# external frame or internal?



## rooster (Jul 12, 2008)

I have a lot of hunting ahaead of me this year and I have the opportunity to do alot of it out of my pack, I have a ton of experience with military external frame packs ( 1/506th inf scout sniper/team RTO) but absolutly no experience with internal frame packs. am I missing out on anything? I know I can carry 100lbs + with a good external frame but would a good internal frame be just as capable with more comfort? any seggestions on brands? The only thing I know for sure is that I can go to smith and edwards and get a surplus pack and frame for under 100 bucks or less, but my shoulders would hurt after the first 10 miles or so but I can drive on and suck it up, however I wonder if the civilian market has something better.. more comfortable??


----------



## Gumbo (Sep 22, 2007)

After reading the first half of your post I thought, 'No brainer. You're accustomed to an external frame, so stick with what you're comfortable with. I know Jansport still makes external-frame packs that some big-name climbers use.

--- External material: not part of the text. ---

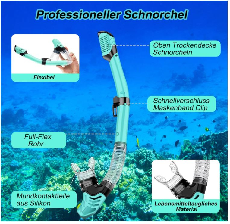 Snorkel cu respirație flexibilă: Cu altă mască completă, este posibil să aveți problema că a rămas puțină apă deasupra supapei după ce a apărut și nu ați putut respira, această problemă cu siguranță nu este aici. Când puțină apă intră în tub, aceasta se adună într-o cameră din partea de jos a tubului și apoi poate scăpa prin supapa inferioară expirând puternic. În plus, tubul este atașat flexibil de ochelari, astfel încât să-l poți regla în înălțime și unghi după dorință.

Then I read the last part where it doesn't sound like you're happy with the external frame pack. My experience is with an internal-frame pack. I've carried it all day for weeks at a time, and have carried 100+ pounds at up to about 20,000'. And despite it being knee-crunching heavy, it still carries comfortably.

My pack of choice is a mountaineering pack made by the same company that makes the Badlands packs. They used to have an outlet at their office in SLC where you could try them on and load them up with weight to see how they feel loaded. Maybe they still do. I'd search their office and give them a call.

Good luck.


----------



## Dekashika (Oct 23, 2007)

Hi Rooster,

If you are looking for a comfortable internal frame pack, that can carry a big load, I would consider a Kifaru pack. You will be amazed at the difference in comfort in comparison to an external. They are a bit pricey however. 

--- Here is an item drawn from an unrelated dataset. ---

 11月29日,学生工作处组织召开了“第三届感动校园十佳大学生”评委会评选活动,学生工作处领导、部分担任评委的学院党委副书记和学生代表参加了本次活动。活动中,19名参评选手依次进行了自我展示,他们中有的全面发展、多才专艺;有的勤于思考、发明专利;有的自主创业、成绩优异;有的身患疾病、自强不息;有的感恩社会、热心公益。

If you are looking for something a bit more affordable then Eberlestock makes some very good comfortable internal packs, built for the hunter. 

You wont beat the price of a surplus frame at Smith and Edwards, but you will find a huge difference in comfort with either of these internal packs mentioned.

Good luck.


----------



## JERRY (Sep 30, 2007)

If you are going to be carrying 100 pounds there is no pack that is going to save your body. Some brands may be more comfortable than others.

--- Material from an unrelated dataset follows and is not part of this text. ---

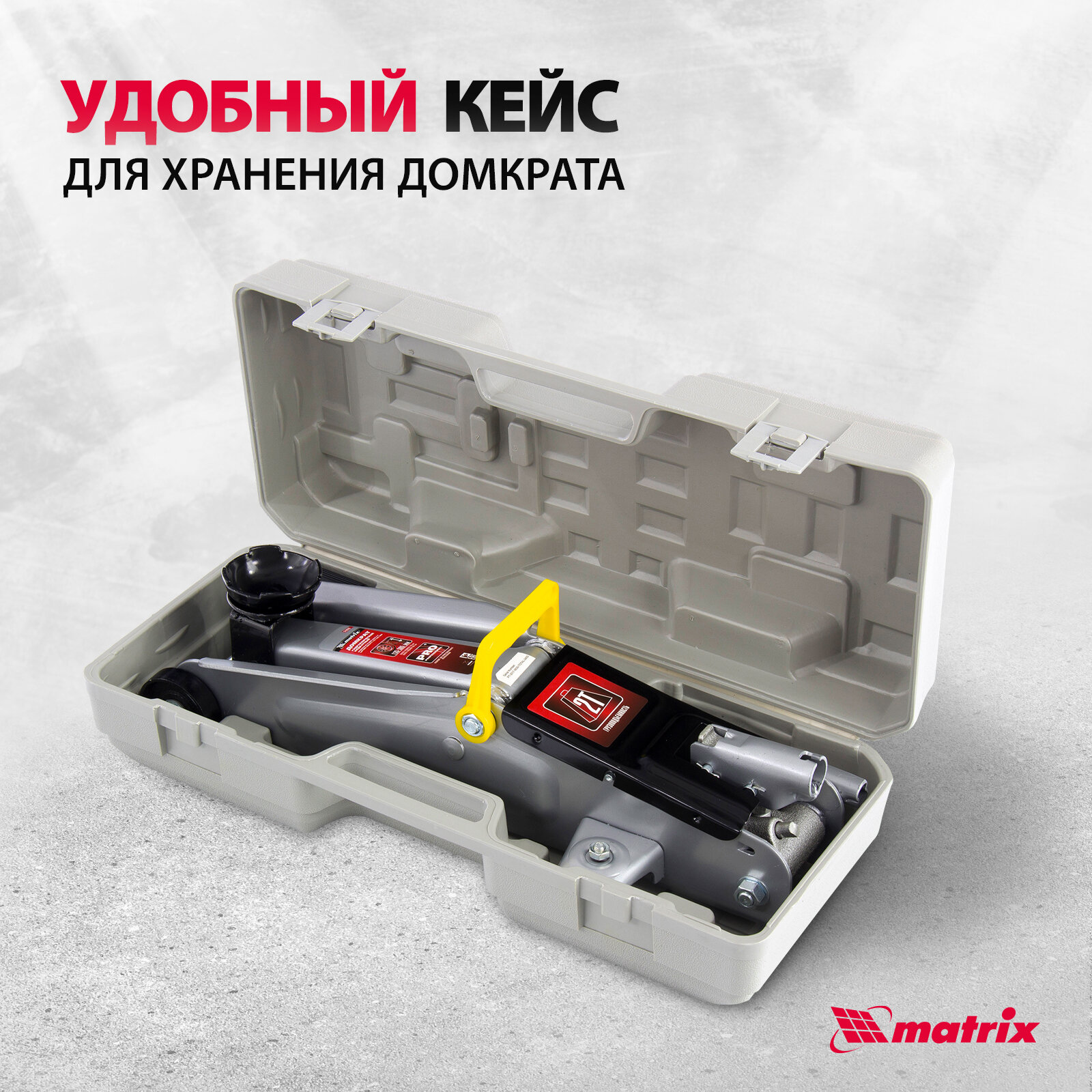Домкрат гидравлический подкатной Matrix 2 т, h подъема 135-385 мм, в пласт. кейсе 51028

Internal to external: I have experience with both, and it depends on what you are packing. If you are hauling out meat from an animal an external is great. 

My rule is light is right. The less you have to carry the more energy you have for hunting, and covering more terrain. A lot of your bigger internals can run 6 to 8 pounds with nothing in them.

If you are looking for a large capacity internal? I have a North Face I would sell you for $150.00. PM me if you would like details. Good luck and happy hunting.


----------



## stablebuck (Nov 22, 2007)

badlands 2200...order it thru basinarcheryshop.com...free hydration bladder included...free shipping...


----------